%%

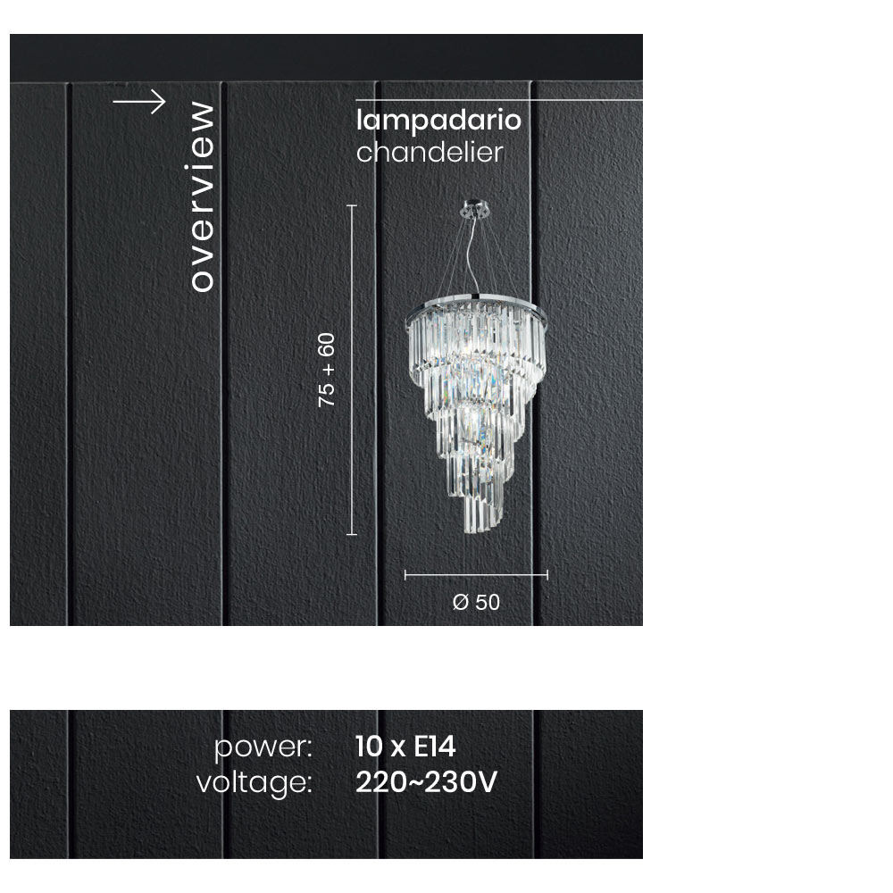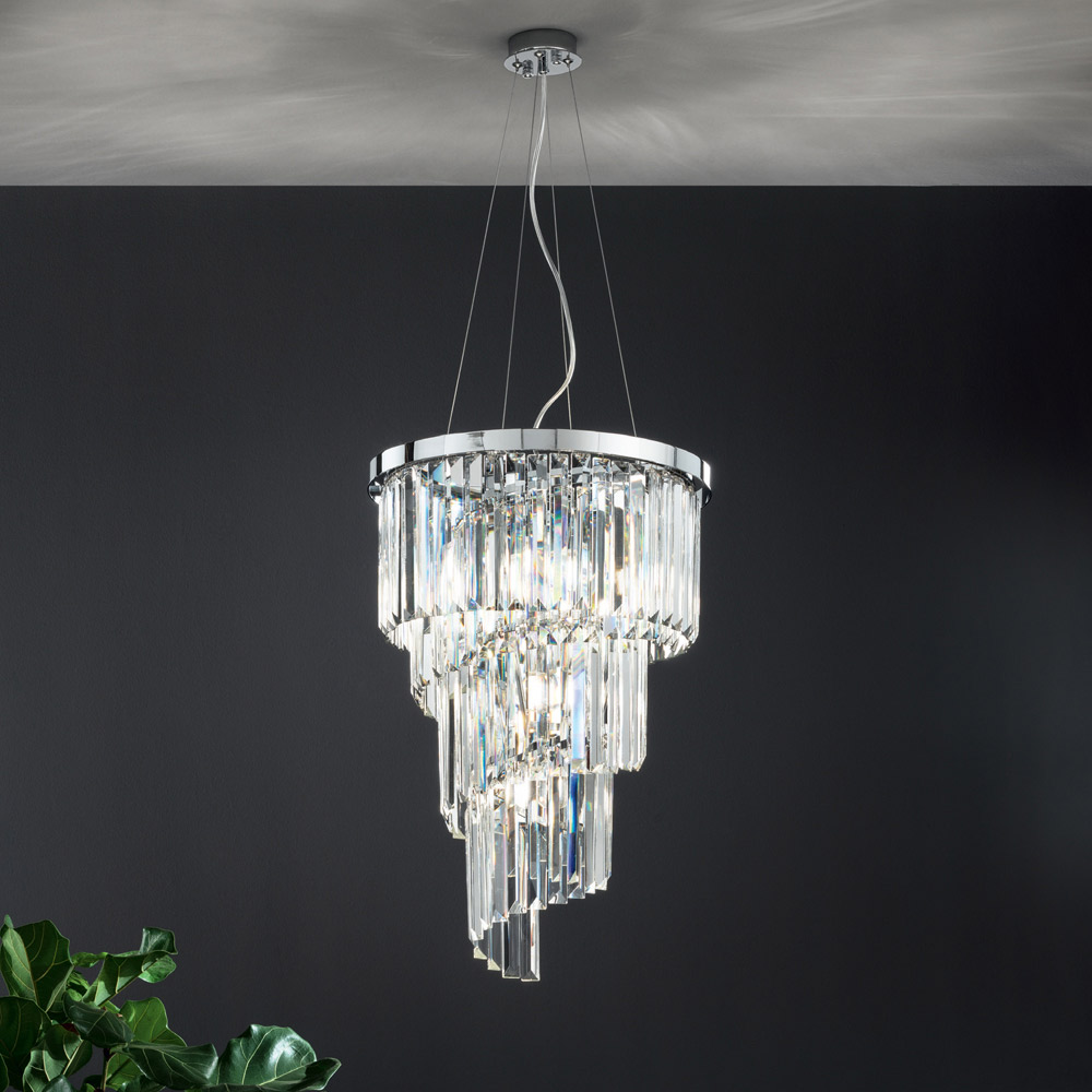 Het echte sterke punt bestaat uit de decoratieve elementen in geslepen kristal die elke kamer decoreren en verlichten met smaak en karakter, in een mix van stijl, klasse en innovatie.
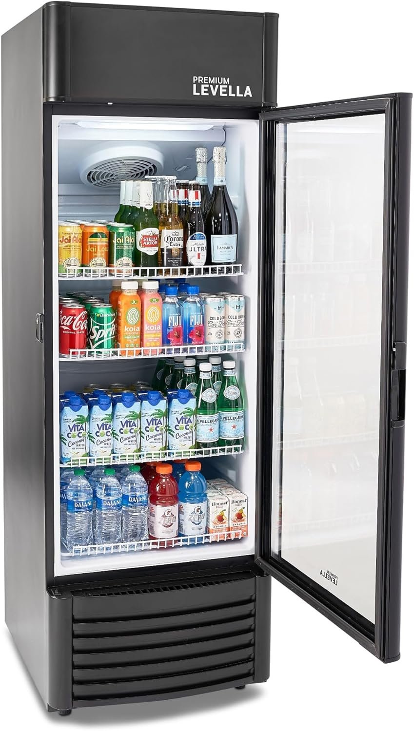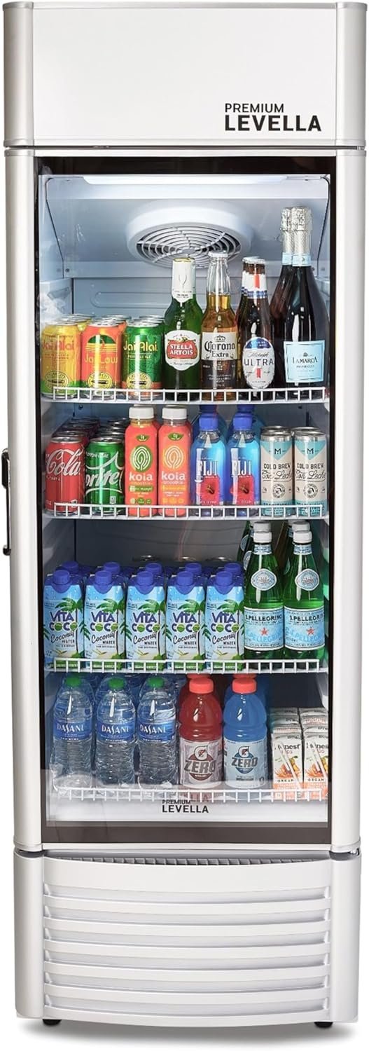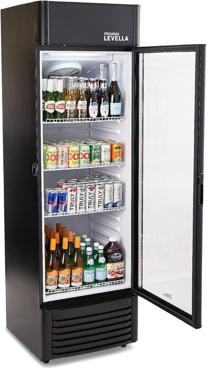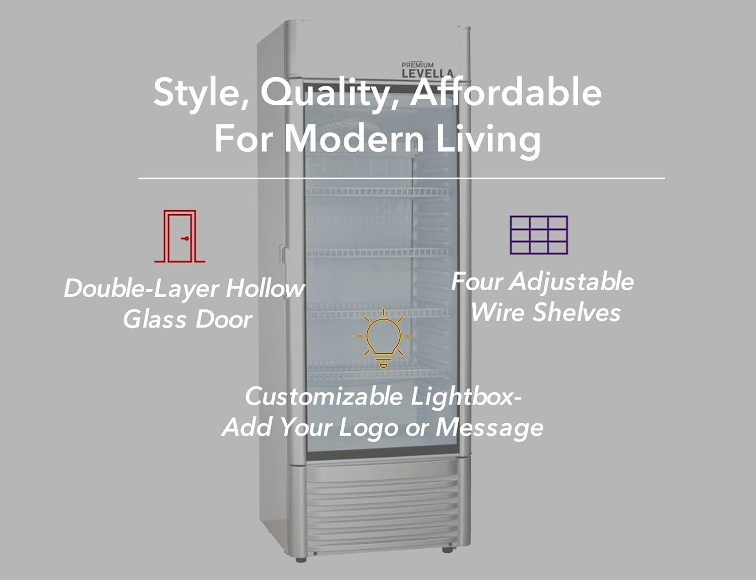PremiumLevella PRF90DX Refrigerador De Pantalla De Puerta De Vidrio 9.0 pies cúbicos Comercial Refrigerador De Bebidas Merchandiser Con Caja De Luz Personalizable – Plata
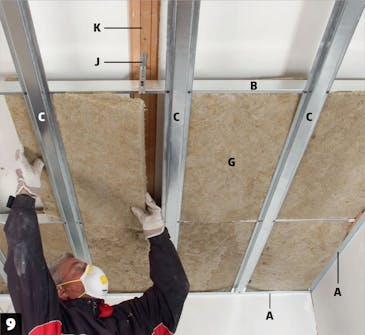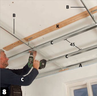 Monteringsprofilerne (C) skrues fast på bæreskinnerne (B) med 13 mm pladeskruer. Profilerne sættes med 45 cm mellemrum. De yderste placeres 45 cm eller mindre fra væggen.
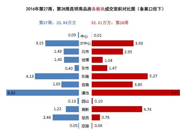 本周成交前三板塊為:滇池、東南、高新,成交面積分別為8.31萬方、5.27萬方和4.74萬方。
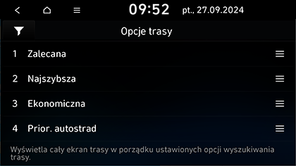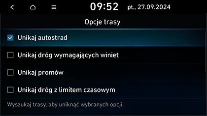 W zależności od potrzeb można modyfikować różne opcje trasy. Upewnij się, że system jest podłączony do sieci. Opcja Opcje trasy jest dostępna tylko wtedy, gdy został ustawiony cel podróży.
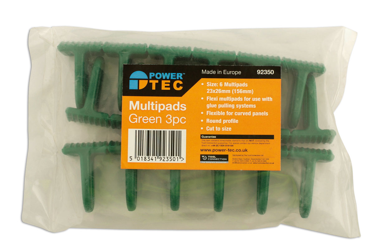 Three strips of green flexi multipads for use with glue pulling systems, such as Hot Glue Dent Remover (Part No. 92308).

%%
%%

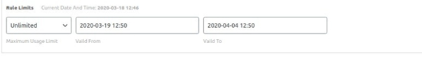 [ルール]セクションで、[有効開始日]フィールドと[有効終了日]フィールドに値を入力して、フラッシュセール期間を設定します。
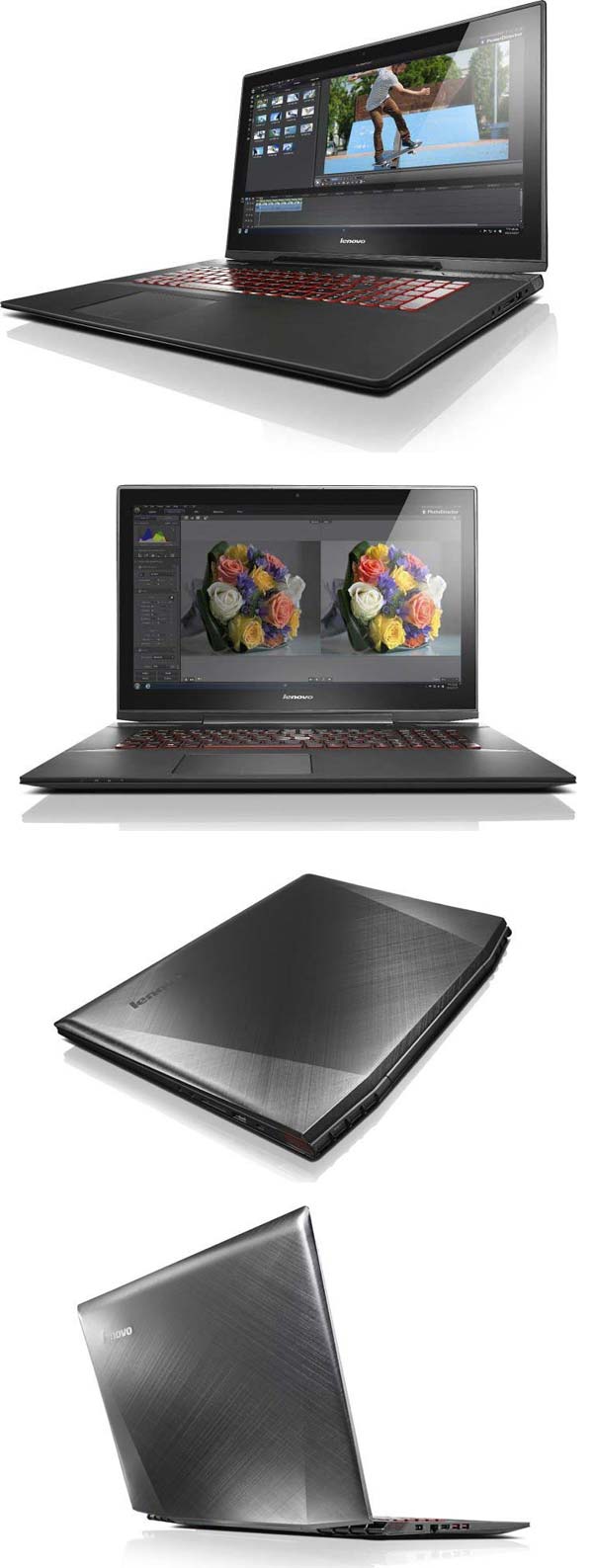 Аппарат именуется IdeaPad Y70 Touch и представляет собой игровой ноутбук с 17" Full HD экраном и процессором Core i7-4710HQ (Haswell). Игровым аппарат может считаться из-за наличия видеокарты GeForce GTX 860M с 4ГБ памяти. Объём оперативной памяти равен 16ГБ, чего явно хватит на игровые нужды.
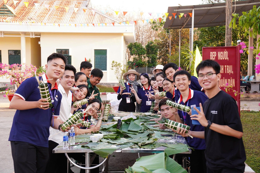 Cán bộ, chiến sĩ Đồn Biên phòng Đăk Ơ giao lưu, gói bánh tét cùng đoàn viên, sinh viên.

%%

- **WHAT YOU HAVE TO DO**:
Starting at the line that contains "Monteringsprofilerne (C) skrues" and ending at the line that contains "本周成交前三板塊為:滇池、東", transcribe the material above exactly, excluding pictures.

- **RESPONSE BOX**:
 Monteringsprofilerne (C) skrues fast på bæreskinnerne (B) med 13 mm pladeskruer. Profilerne sættes med 45 cm mellemrum. De yderste placeres 45 cm eller mindre fra væggen.
 本周成交前三板塊為:滇池、東南、高新,成交面積分別為8.31萬方、5.27萬方和4.74萬方。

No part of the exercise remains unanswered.